Herbert started his career as a novelist with the publishing of The Dragon In the Sea in 1955, where he used the environment of a 21st-century submarine as a way to explore sanity and madness. The book predicted worldwide conflicts over oil consumption and production. It was a critical success, but it was not a major commercial one.

He began researching Dune in 1959 and was able to devote himself more wholeheartedly to his writing career because his wife returned to work full time as an advertising writer for department stores, becoming the main breadwinner during the sixties.

After six years of research and writing, Dune was completed by 1965. But Dune was rejected by more than twenty publishers before one finally accepted it. One publisher prophetically wrote back "I might be making the mistake of the decade, but...," before rejecting the manuscript. But publisher number twenty made a wiser choice, Herbert received a $7,500 advance, and Dune was soon a critical success. It won the Nebula Award for Best Novel in 1965 and shared the Hugo Award in 1966. Dune was the first ecological science fiction novel, containing a multitude of big, inter-relating themes and multiple character viewpoints, a method that ran through all Herbert's mature work.

The book was not an instant bestseller. By 1968 Herbert had made only $20,000 from it and was not yet able to take up full-time writing. However, the publication of Dune did open doors for him. He was the Seattle Post-Intelligencer's education writer from 1969 to 1972 and lecturer in general and interdisciplinary studies at the University of Washington (1970-2). He worked in Vietnam and Pakistan as a social and ecological consultant in 1972. Herbert was only able to take up full-time writing in 1972. In 1973 he was director-photographer of the television show The Tillers.

In the 1970s and 1980s, Herbert finally enjoyed commercial success as an author. He lived between Hawaii and Washington State. During this time he wrote numerous books and pushed ecological and philosophical ideas. He continued his Dune saga, following it with The Ascension Factor.

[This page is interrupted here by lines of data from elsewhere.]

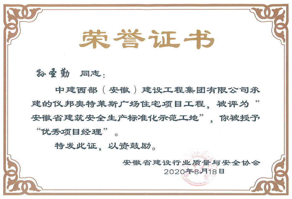 近日,喜報連連,中建西部建設集團滁州儀邦奧特萊斯廣場住宅項目同時榮獲安徽省建設行業質量與安全協會、滁州市住房和城鄉建設局頒發的“安徽省建筑安全生產標準化示范工地”與“滁州市建筑施工安全質量標準化示范工地”稱號。項目經理孫圣勤同志被授予“優秀項目經理”。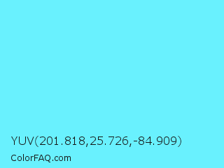 YUV 201.818,25.726,-84.909 Color is a light cyan color and the nearest color is Electric Blue #7df9ff. Hex code #69f1fe and RGB value is rgb(105,241,254). In RGB color space, this color is composed of 41% red, 95% green, 100% blue, In CMYK color space, this color is composed of 59% cyan, 5% magenta, 0% yellow , 0% black , In HSL color space, this color has a hue angle of 185° , 99% saturation and 70% lightness.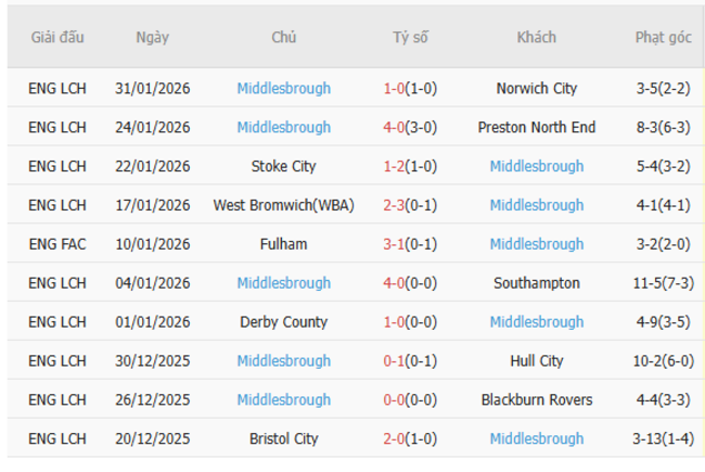 Phong độ của Middlesbrough

But his change in fortune was shaded by tragedy. In 1974, Beverly underwent an operation for cancer which gave her gave her ten more years of life, but adversely affected her health. She died on February 7, 1984. In his afterword to Chapterhouse Dune, Frank writes a moving elegy for his wife.

1984 was a tumultuous year in Herbert's life. In the same year his wife tragically died, his career ironically took off as well with the release of David Lynch's film version of Dune. Despite high expectations, big-budget production design, and an A-list cast, the movie drew mostly poor reviews in the United States. However, despite a disappointing response in the USA, the film was a critical and commercial success in Europe and Japan. Also in 1984 Herbert published the fifth book in the Dune saga, Heretics Of Dune, which many readers believe to be as good as Dune itself. Finally, following the passing away of Beverly, Frank married Theresa Shackelford later in the year.

Beverly apparently made Frank promise to finish the sixth book in the Dune sequence. In 1986, Herbert published Chapterhouse: Dune, which tied up many of the saga's story threads. This was to be Herbert's final single work - he died of pancreatic cancer on February 11, 1986, in Madison, Wisconsin, at the age of 65.

Frank Herbert left a rich posthumous legacy for his readers. He left behind notes for both the history of the Dune universe before the events of Dune and the novel he had planned to follow Chapterhouse: Dune. In recent years, Brian Herbert (Frank's son) and Kevin J. Anderson, have used those notes to write a very successful series of novels based on the pre-Dune materials and are preparing to write the post-Chapterhouse novel which fans refer to as Dune 7.

The film version of Dune is now a cult classic and has seen many more adaptations, including a much-anticipated release of a feature film meant to be released in 2020 but delayed by COVID-19.